§ **Directions**
Copy nothing but the lines from the one containing "Go chic with" through the last line of the records, repeated exactly and without pictures.

━━━━━━━━━━━━━━━━━━━━━━━━━━━━━━

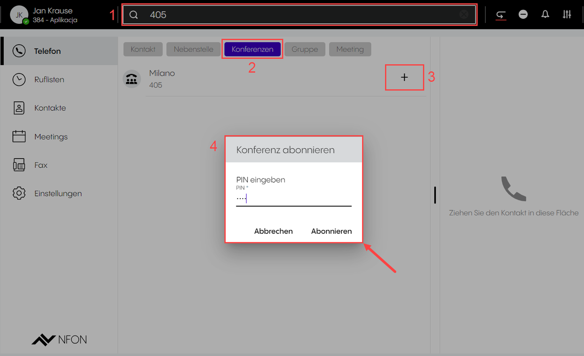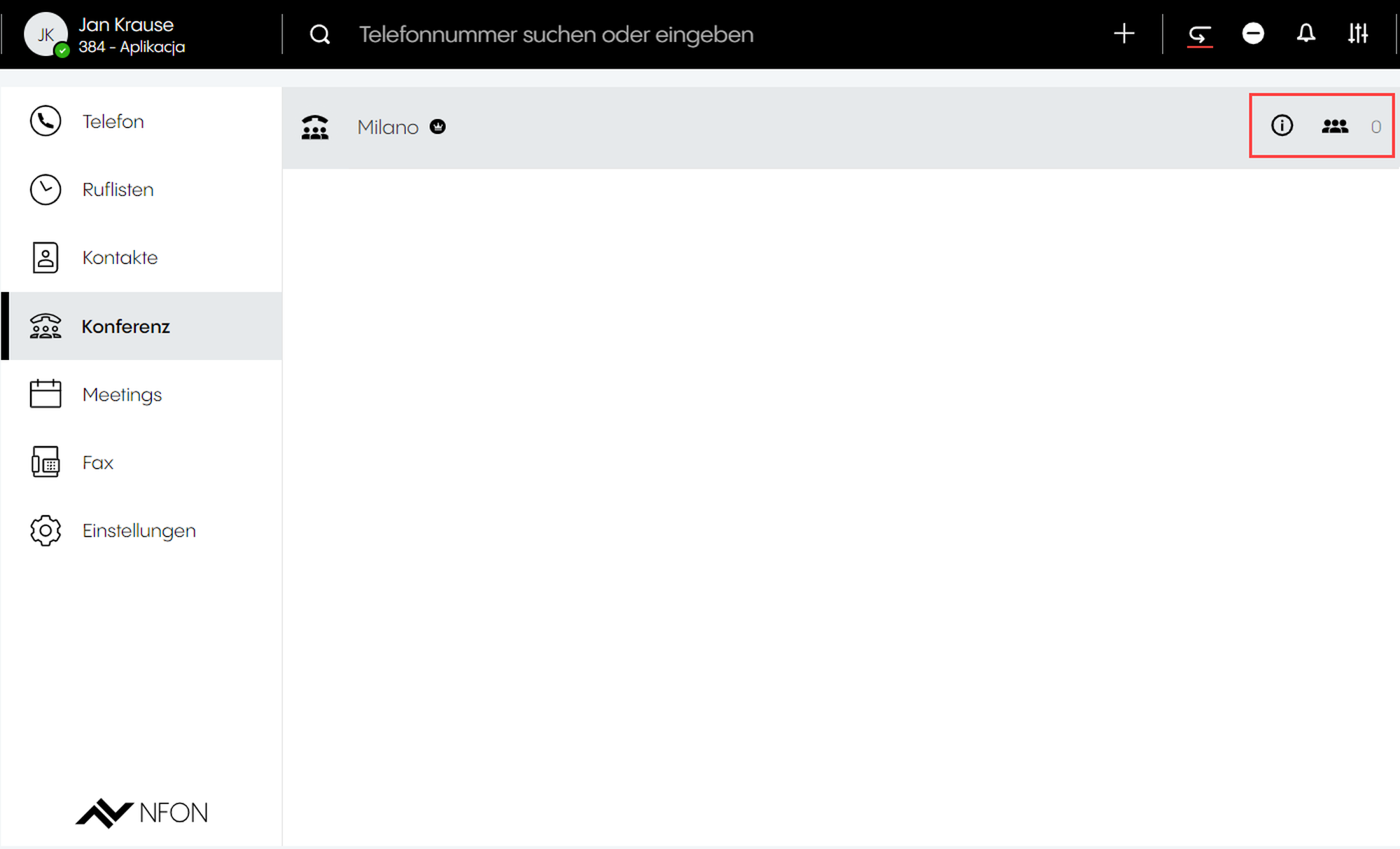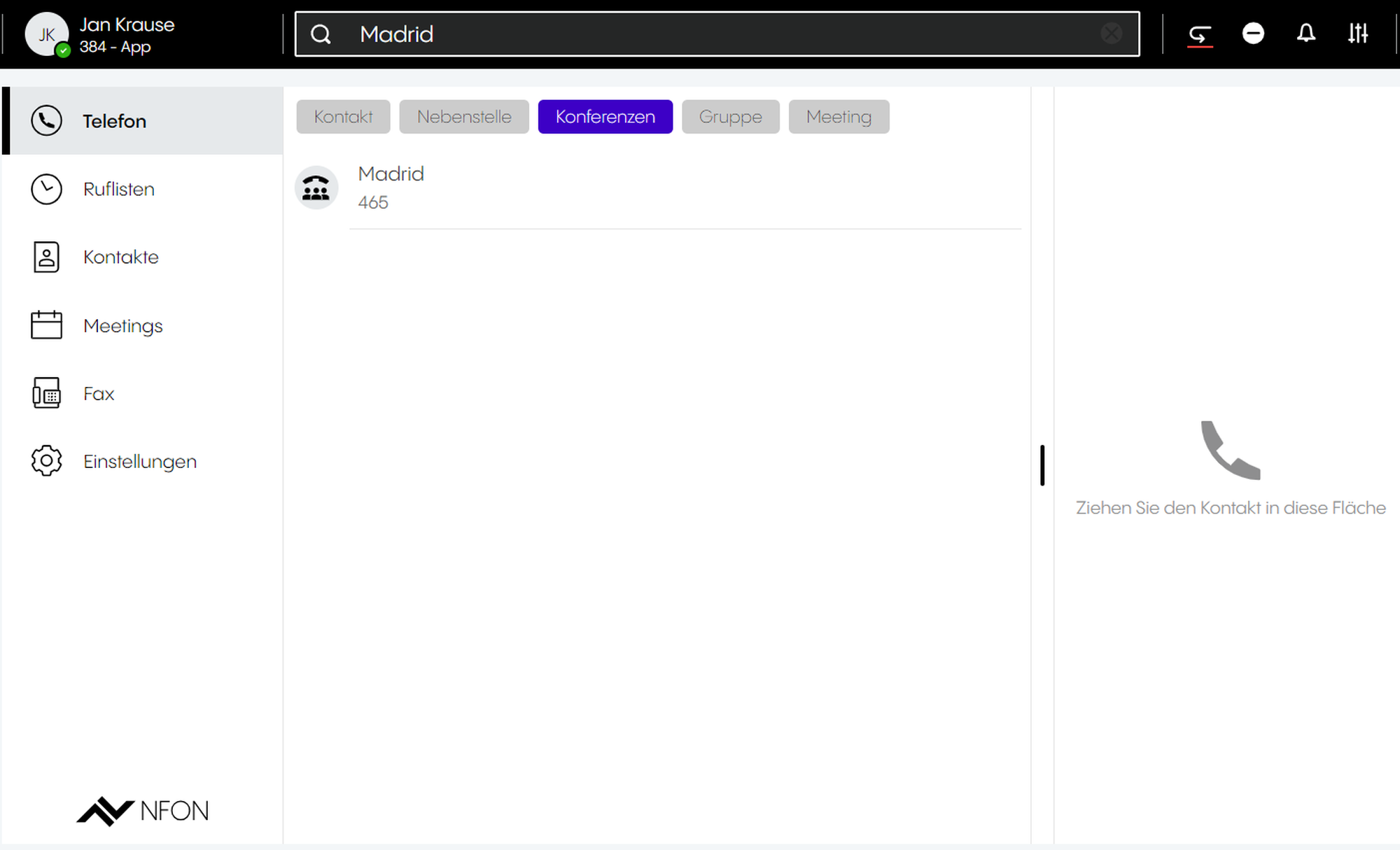 Über die Suchleiste können Sie Kontakte, Nebenstellen, Konferenzen, Meetings und Gruppen durchsuchen. Die Suchergebnisse werden nach diesen Kategorien geclustered dargestellt.
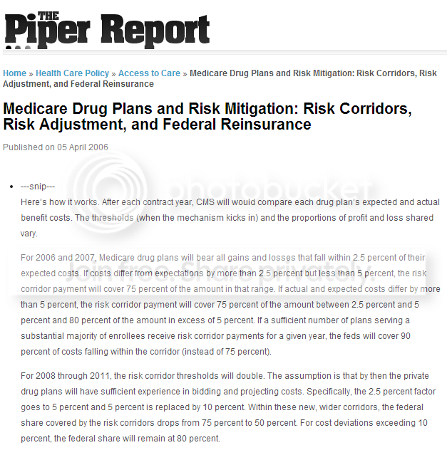 ...Obamacare also contains a “Risk Corridor Program" that limits overall losses for insurers. Each year the insurer estimates his expected costs. If the actual costs exceed the estimates the Government [read: taxpayers] make up the difference. For costs 3%-to-8% above the estimate, the Government [read: taxpayers] pays 50% of the excess; for costs 8%-or-more above the estimate, the Government [read: taxpayers] pay 80% of the excess...
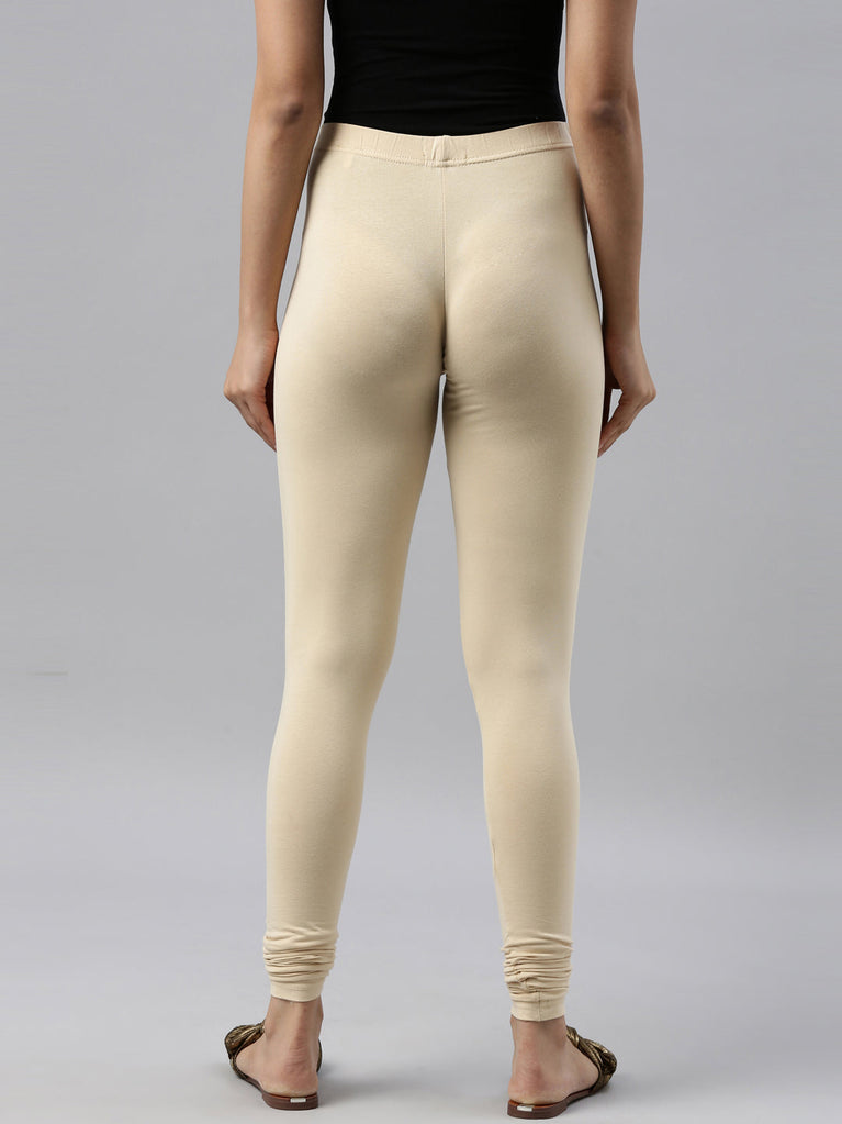 Go chic with a pair of Dark Cream Solid Churidar Leggings. Made from high quality cotton, it has a elasticised waistband & gathers at the hemline.
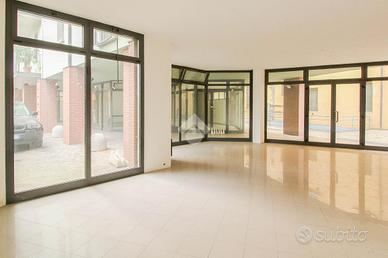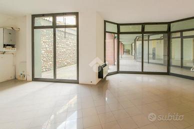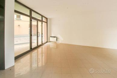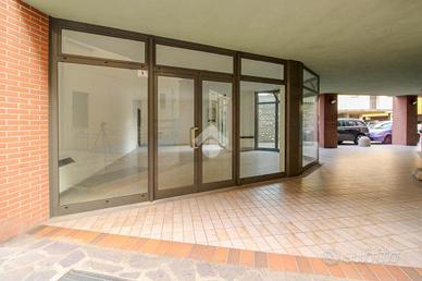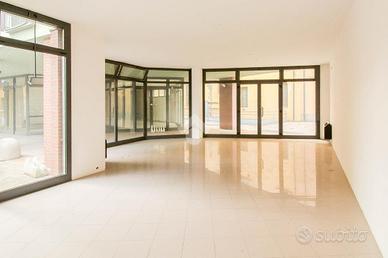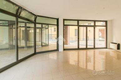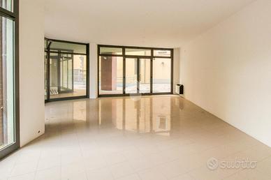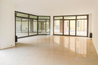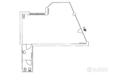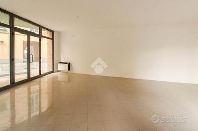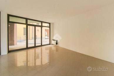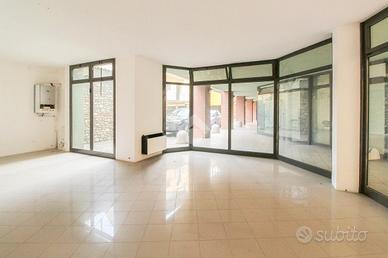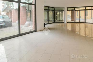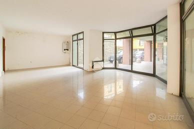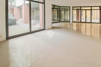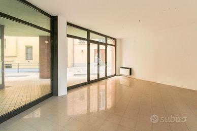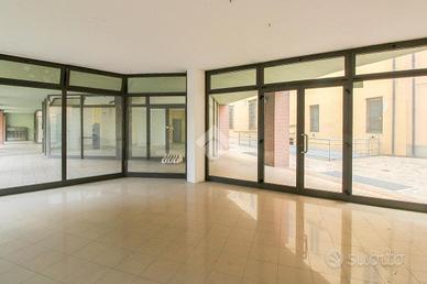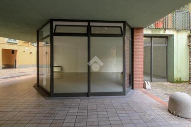 Il locale è posto in posizione angolare con vetrate che occupano due lati del perimetro. Internamente la pianta si svolge con forma irregolare. L'ambiente interno è totalmente openspace. La soluzione dispone di impianto elettrico, di illuminazione e di riscaldamento. Sono presenti inoltre i servizi igienici.
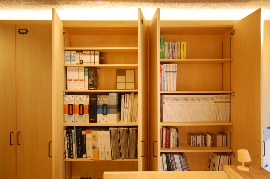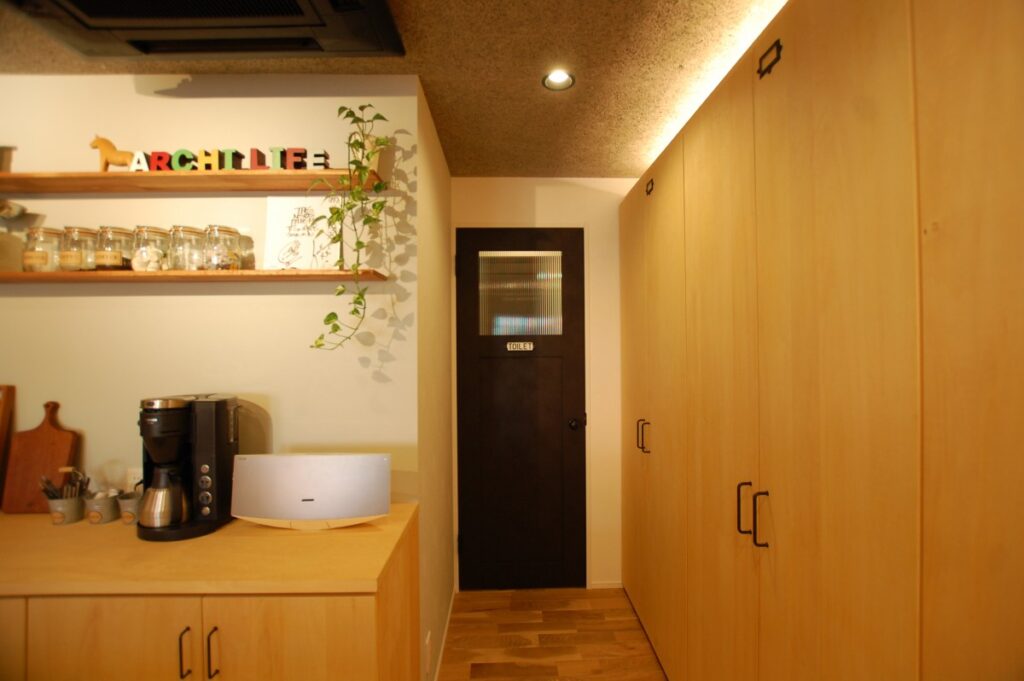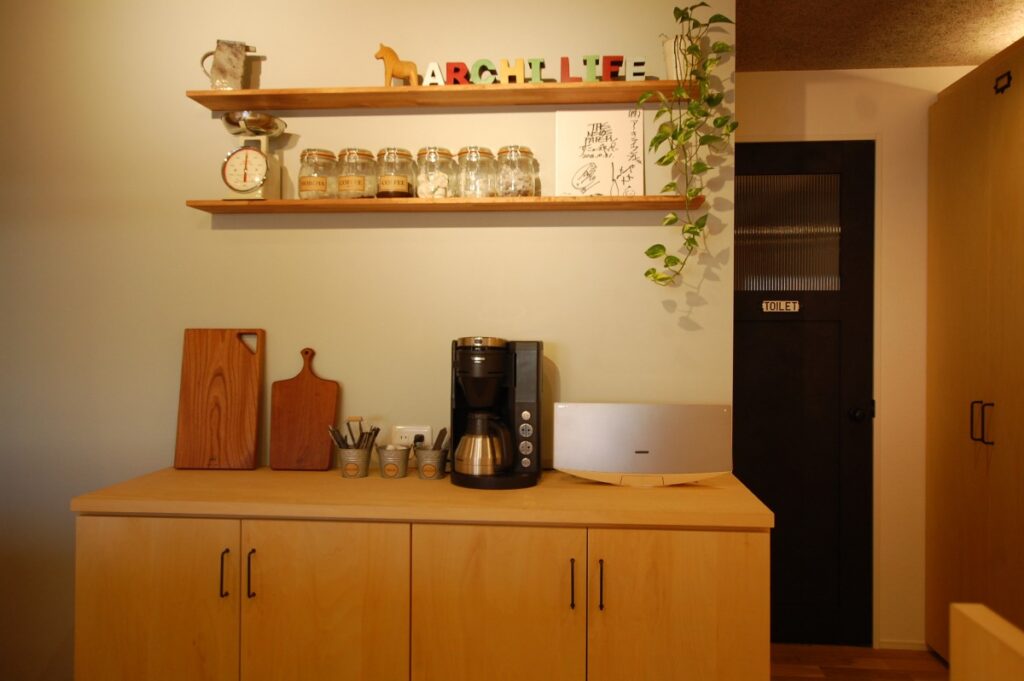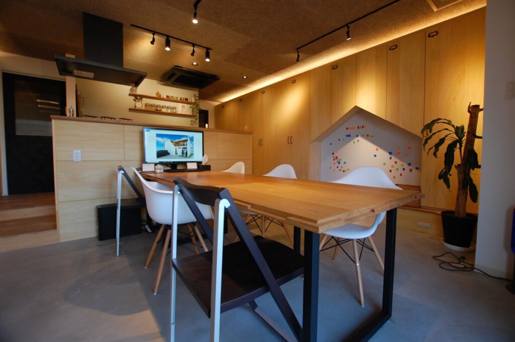 今年の3月頃、事務所が狭くるしくなって来た為、お隣の店舗を借り打合せを行う場所とショールームを兼ね備えた空間を作ってみました。
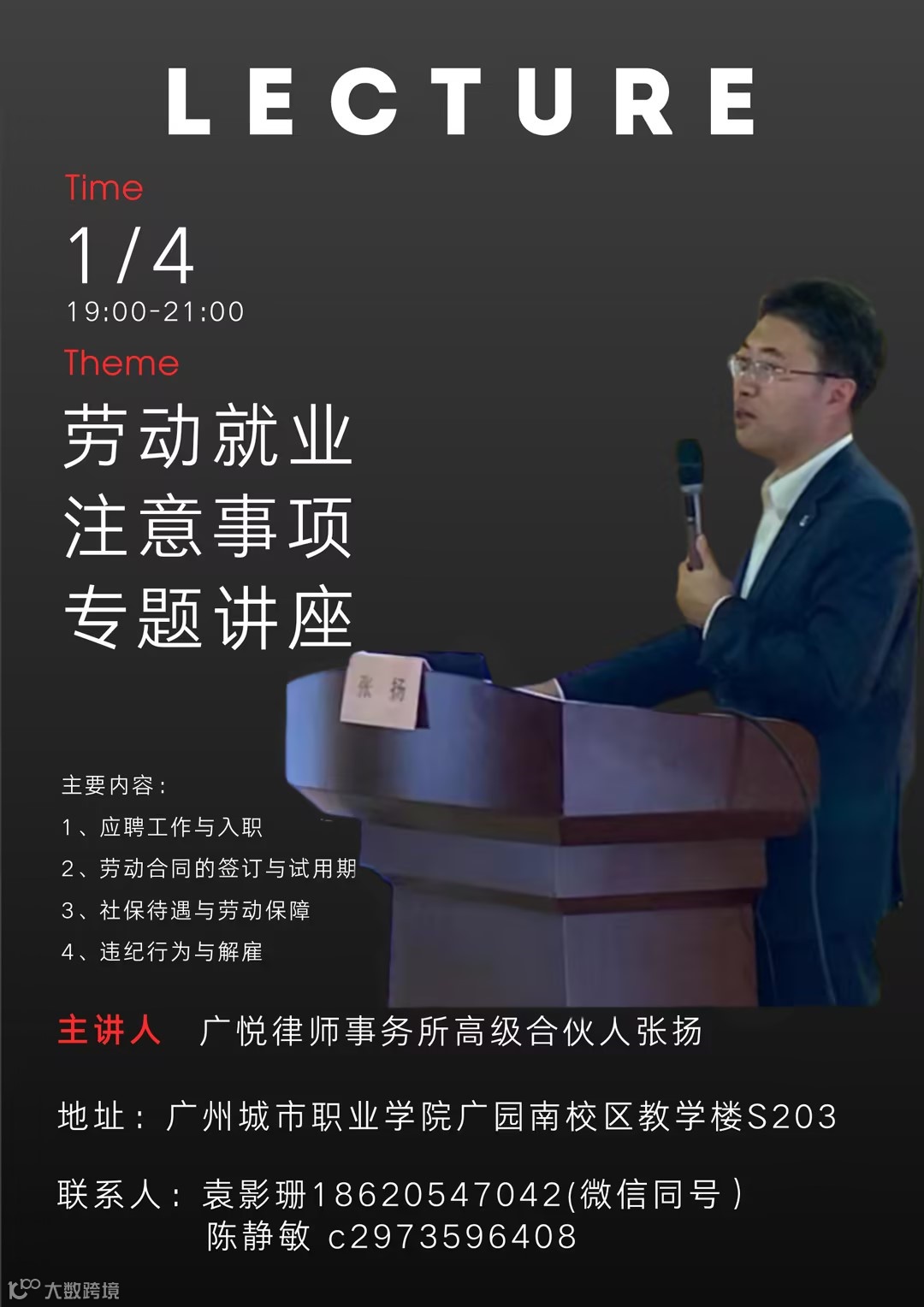 讲座主要内容:应聘工作与入职、劳动合同的签订与试用期、社保待遇与劳动保障、违纪行为与解雇

━━━━━━━━━━━━━━━━━━━━━━━━━━━━━━

§ **Solution for this problem**
 Go chic with a pair of Dark Cream Solid Churidar Leggings. Made from high quality cotton, it has a elasticised waistband & gathers at the hemline.
 Il locale è posto in posizione angolare con vetrate che occupano due lati del perimetro. Internamente la pianta si svolge con forma irregolare. L'ambiente interno è totalmente openspace. La soluzione dispone di impianto elettrico, di illuminazione e di riscaldamento. Sono presenti inoltre i servizi igienici.
 今年の3月頃、事務所が狭くるしくなって来た為、お隣の店舗を借り打合せを行う場所とショールームを兼ね備えた空間を作ってみました。
 讲座主要内容:应聘工作与入职、劳动合同的签订与试用期、社保待遇与劳动保障、违纪行为与解雇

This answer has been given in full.